Although Rathebe’s compositions were not overtly political, her celebration of black life, black beauty, and black humanity through her films and music was subversive. Apartheid sought to wipe out black creativity and achievement; Rathebe refused to be silenced. The music by Rathebe, Makeba, Mbulu and Masuku was stunning and authentic; He insists on chronicling the humanity, depth and elegance of black life beyond the smiling cardboard natives favored by the apartheid government’s propaganda machine.

Rathebe’s bold occupation of public space and her proudly African, slick urban diva image made her the darling of film and music lovers across Africa.

The decade in which the mega-divas forged their phenomenal careers is also the decade of the historic South African 1956 Women’s March where freedom fighters Lilian Ngoyi, Helen Joseph, Berta Mashaba, Rahima Moosa, Sophie von Bruyn and Albertina Sisulu organized 20,000 women to march to government buildings in Pretoria to stop changes to the law Urban Areas Act. This would have meant that black women would have to carry passport books as well as men. Their freedom of movement would have been severely restricted, subjecting them to further arrests and harassment.

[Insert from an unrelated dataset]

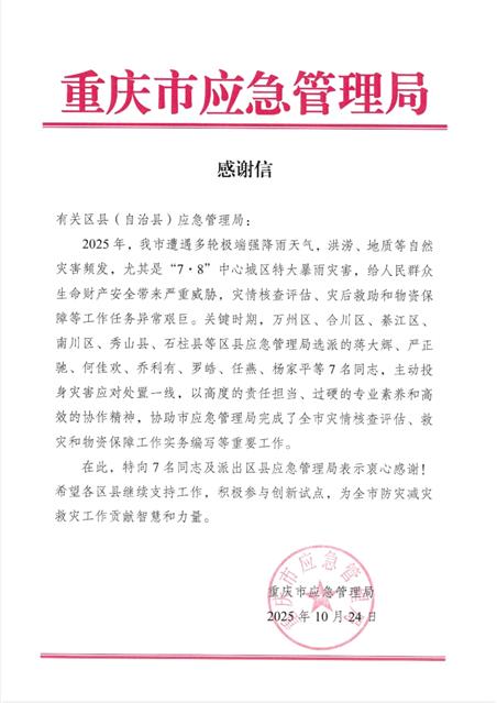 近日,重庆市应急管理局印发感谢信,对在2025年全市灾害应对处置工作中表现突出的先进个人予以表彰,我县应急管理局干部杨家平同志位列其中,其担当作为与专业素养获市级部门高度肯定。

Dolly Rathebe and the other mega-divas navigated politics, life and their music, achieving superstars at home and abroad despite their status as third-class citizens in a racist South Africa. In the late 1950s, as apartheid oppression was intensifying and Sophiatown was being destroyed, Rathebe moved to Cape Town to start a family and run a shebeen. Her performances and public life faded. Her fellow divas went into exile, ending a golden era of incredible artistic achievement. DM/ML

This story was first published in The conversation.

Nokuthula Mazibuko Msimang is an Artist in Residency at the University of Pretoria.